I am going to have PE reads for human RNAseq (around 70 millions of reads). How can I predict whether my computer have enough disc space and memory to run mapping reads to reference genome with the use of TopHat or any other RNAseq mapping algorithm?
I would like to decide whether I need to use cloud for this calculation or I can make it on my local computer.
I have 1T disc space and 64GB or RAM, 10 cores.
Thank you in advance,
Agata
You should know that the old 'Tuxedo' pipeline of Tophat(2) and Cufflinks is no longer the "advisable" tool for RNA-seq analysis. The software is deprecated/ in low maintenance and should be replaced by HISAT2, StringTie and ballgown. See this paper: Transcript-level expression analysis of RNA-seq experiments with HISAT, StringTie and Ballgown. (If you can't get access to that publication, let me know and I'll -cough- help you.) There are also other alternatives, including alignment with STAR and bbmap, or pseudo-alignment using salmon.

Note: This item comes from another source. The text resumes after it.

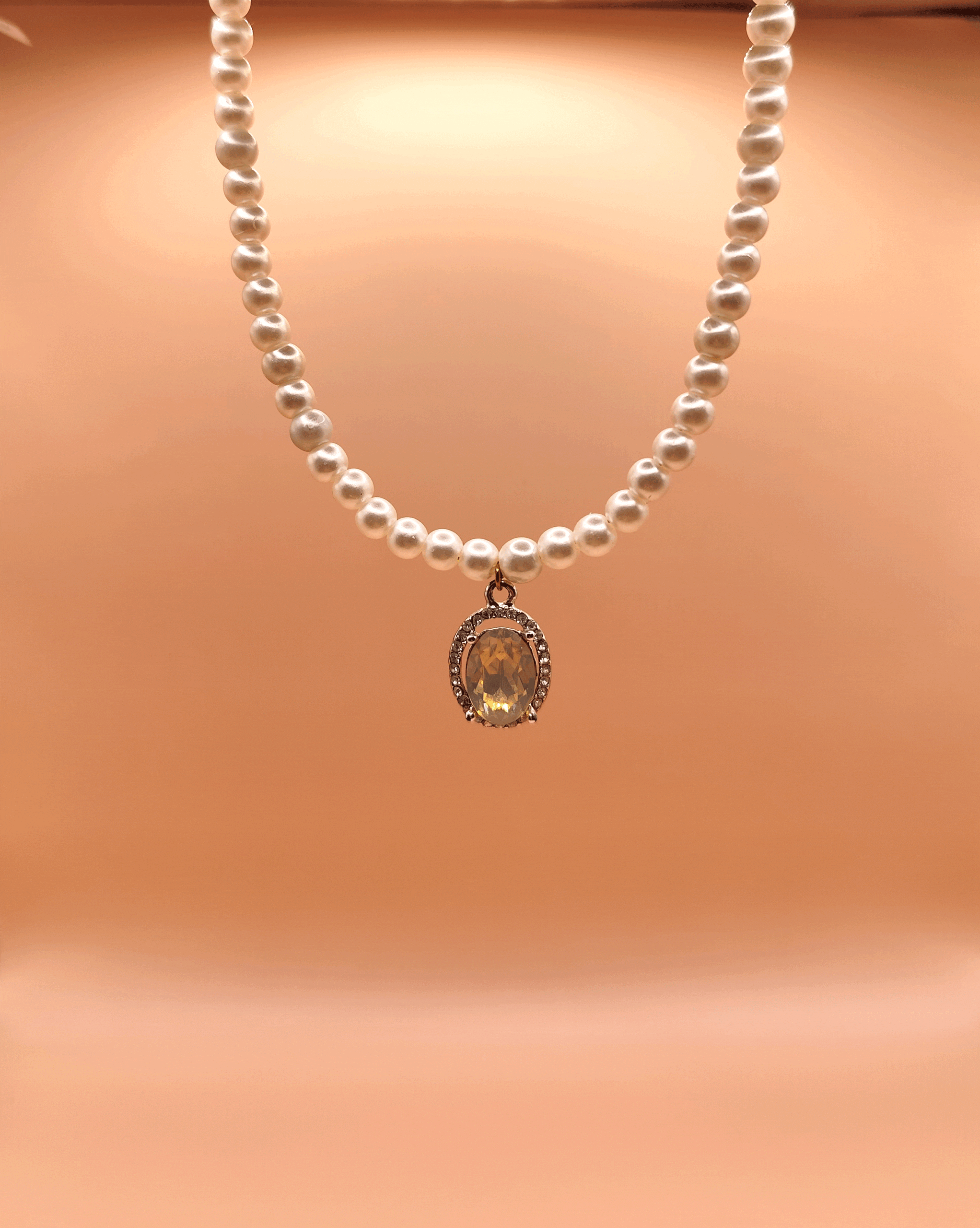Handmade Necklace With Pearls Combined With Cute Little Lemon Beads, On A Stainless Steel Wire

Woow, I am surprised. Last year I was performing RNAseq analysis withe the use of TopHat and Cufflinks and the results was fine. I was going to repeat that pipeline this year. Thanks for letting me know. I will go with other solutions.
If you are flexible on time then it should work with the specs posted above. How many of these 70M read samples do you expect to do?
I suggest that you use BBMap. It requires about 30G of RAM for human genome. STAR would need about the same. You can find the time a million reads take by adding
reads=1000000
parameter to bbmap command line and can then extrapolate from there.I have 12 samples. Thanks for tips. Although I am flexible with time I would like to do it wisely.